Le pénis est peint sur la façade d'une entreprise qui laisse régulièrement des street artists s'exprimer. | © AFP PHOTO

Société

L’artiste suédoise Carolina Falkhort expose depuis quelques jours un phallus gigantesque sur la façade d’un immeuble de Stockholm. Mais les voisins du bâtiment ne le voient pas de cet œil-là.

 

Avec une capitale recouverte de fresques suggestives, les Belges sont habitués aux polémiques artistico-urbaines. Mais ce n’est manifestement pas le cas à Stockholm où l’apparition cette semaine d’un gigantesque phallus bleu fait s’indigner les Suédois.

La peinture, une œuvre à attribuer à Carolina Falkhort, s’est installée sur la façade d’un immeuble de cinq étages sur l’île de Kungsholmen.
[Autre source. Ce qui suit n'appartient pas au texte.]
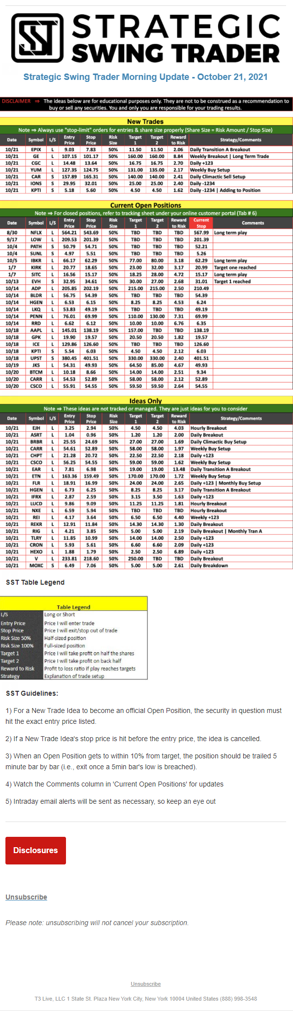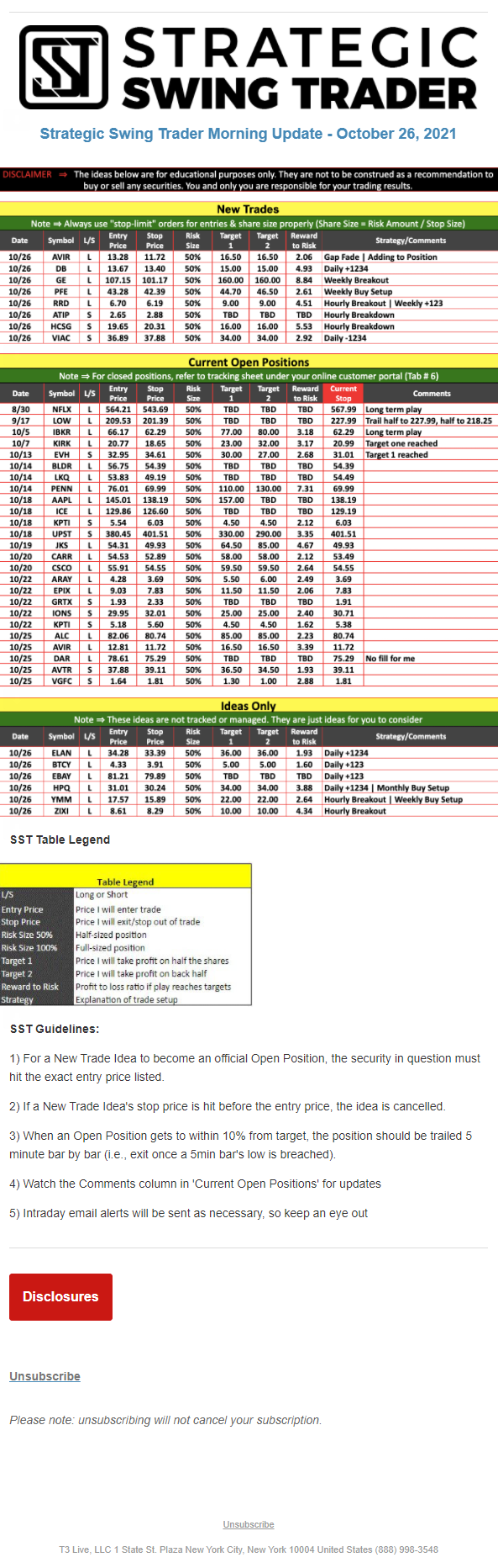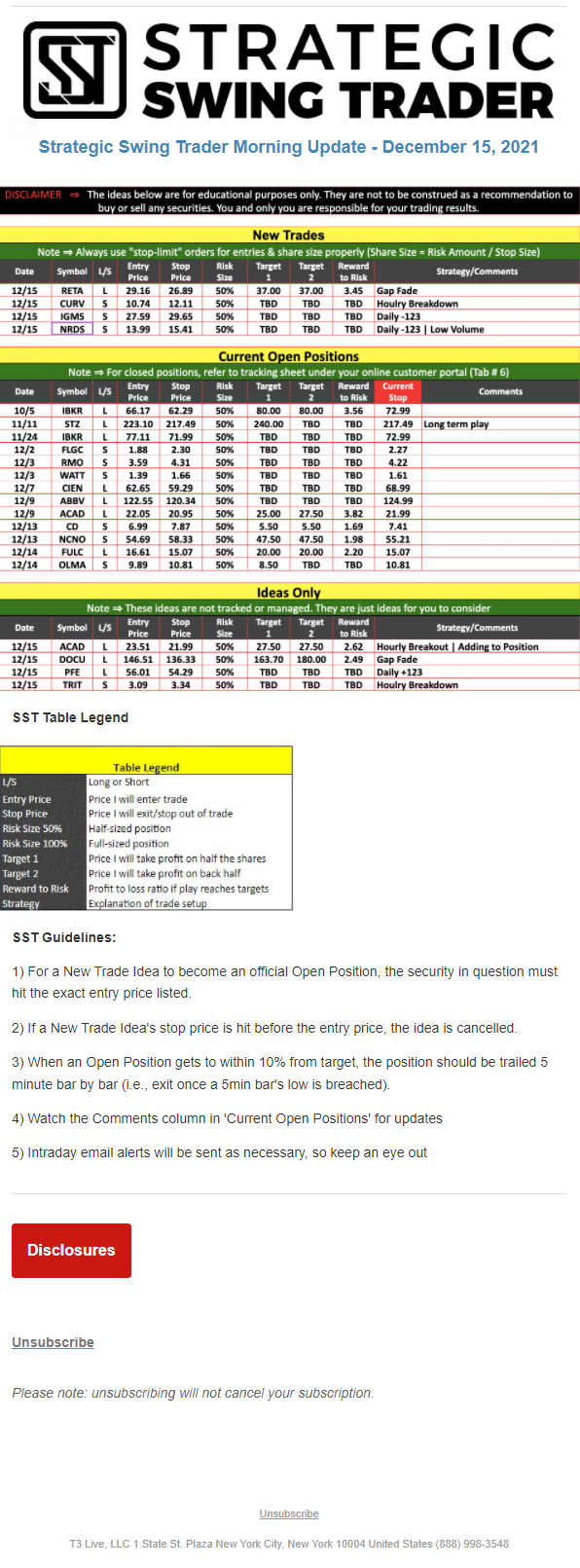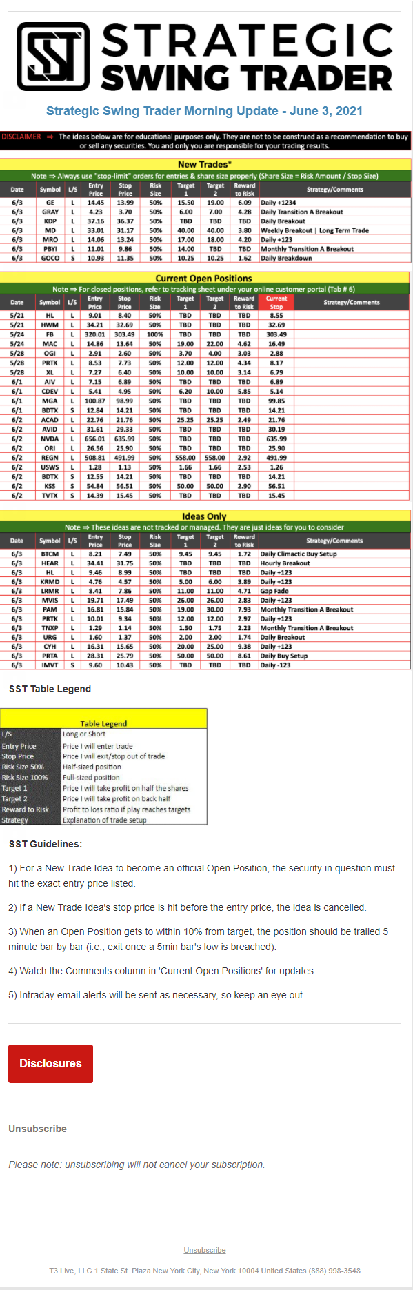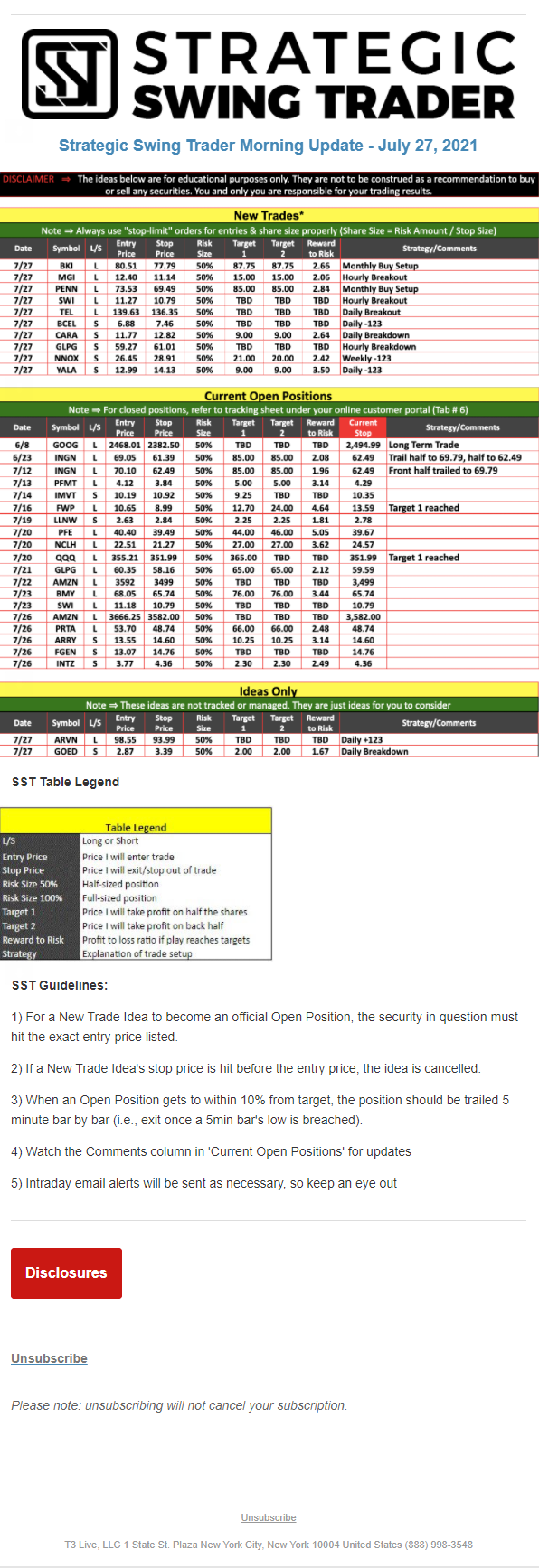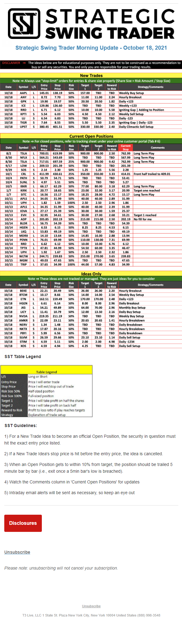 The programs that T3 Live distributes (including the “Virtual Trading Floor®,” articles, commentary, videos, blogs and social media postings) are for informational and educational purposes only. No one should consider the information disseminated by T3 Live to be personalized investment advice, a recommendation to buy, sell or hold any investment, an offer (or a solicitation of an offer) to buy or sell any investment, or the provision of any other kind of advice that would require T3 Live to register as a broker-dealer, investment adviser or similar entity. No one associated with T3 Live is authorized to make any representation to the contrary.

La « graffita » – le surnom de l’artiste, un jeu de mot entre « graffeuse » et « vulve » – est coutumière du fait : en décembre, elle avait peint un autre pénis géant à New York, rose cette fois.

Et son sexe suédois, aux couleurs du pays, devrait connaitre le même sort que son cousin éclarlate : recouvert, en l’espace de quelques jours à peine. Peint sur un immeuble dédié aux fresques artistiques, ses propriétaires ont décidé de le faire recouvrir dans le courant de la semaine prochaine, suite à de nombreuses plaintes, explique The Local.

Car si on était tenté de penser que les Suédois étaient plus ouverts que les Belges, ils n’en est rien : de nombreux passants se sont montrés choqués à la vue de l’œuvre de Carolina Falkhort. « Bien entendu, nous tenons à la liberté artistique, mais en même temps, nous nous devons de respecter l’opinion de nos proches voisins », s’est défendue Camilla Klint, de l’entreprise propriétaire du bâtiment. Elle interpelle également The Local sur le fait que la compagnie a découvert en même temps que tout le monde la fresque et son sujet principal.

©AFP PHOTO / TT News Agency / Anders WIKLUND – Accrochées au pénis bleu, des bannières indiquent « Gardez votre pénis à l’intérieur ».

De son côté, Carolina Falkhort en attendait plus de ses compatriotes, qu’elle espérait plus compréhensifs. « Certaines personnes sont positves par rapport à cette œuvre et la voient comme jouant un rôle important autour du débat sur la sexualité, le corps et le genre », explique l’entreprise. « D’autres en revanche, particulièrement les voisins, ont moins bien réagit, et le vivent comme quelque chose d’offensant ». Si l’art est à la contestation, l’heure est à l’indignement dans les rues de Kungsholmen.